Managing Processes #BPM2009

I attended the session on managing processes in the afternoon: this is a standard session made up of the presentation of three papers.

Extending BPM Environments of your choice with performance related Decision Support, by Mathias Fritzsche, Michael Picht, Wasif Gilani, Ivor Spence, John Brown and Peter Kilpatrick. The focus was on annotation of processes across multiple modeling environments to allow for combination of process monitoring data regardless of the execution environments; this is of specific use for end-to-end processes that span multiple environments such as a BPMS, an ERP system and outsourced processes.

Business Process-based Resource Importance Determination, by Stefan Fenz, Andreas Ekelhart and Thomas Neubauer. This is motivated by risk analysis, since risk calculations will be incorrect if there is insufficient information about the resources attached to specific business processes, and how those resources are used by other processes across the organization.
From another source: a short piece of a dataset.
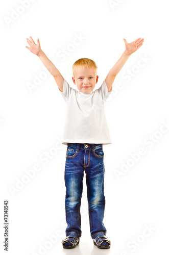 boy, isolated, white, little, children, background, children, portrait, happy, cute, young, standing, smile, childhood, male, happiness, people, caucasian, person, beautiful, face, smiling, studio, joy, cheerful, fashion, human, photogenic, 1, fun, youth, casual attire, small, joyful, adorable, emotion, laughing, lifestyle, t-shirt, jean, hand, up

This seems pretty straightforward: each resource and its importance to a business process and in the larger organizational context are required as input, as well as the process model in Petri Net form and the resource’s usage within the process; the research determined a calculation method for global importance for resources. The applicability, however, is key: the importance of the resources (these are automated resources, such as mail servers) ties into risk management and business continuity planning.

Case Study and Maturity Model for Business Process Management Implementation, by Michael Rohloff. I admit to losing a bit of focus during this presentation, so no notes, but I’ve given you the link to the paper so you can read it yourself. 🙂

The session was very sparsely attended, which means that most people are either at the tutorial on “A Business Process is more than a Workflow” or are skipping school to take advantage of the lovely weather.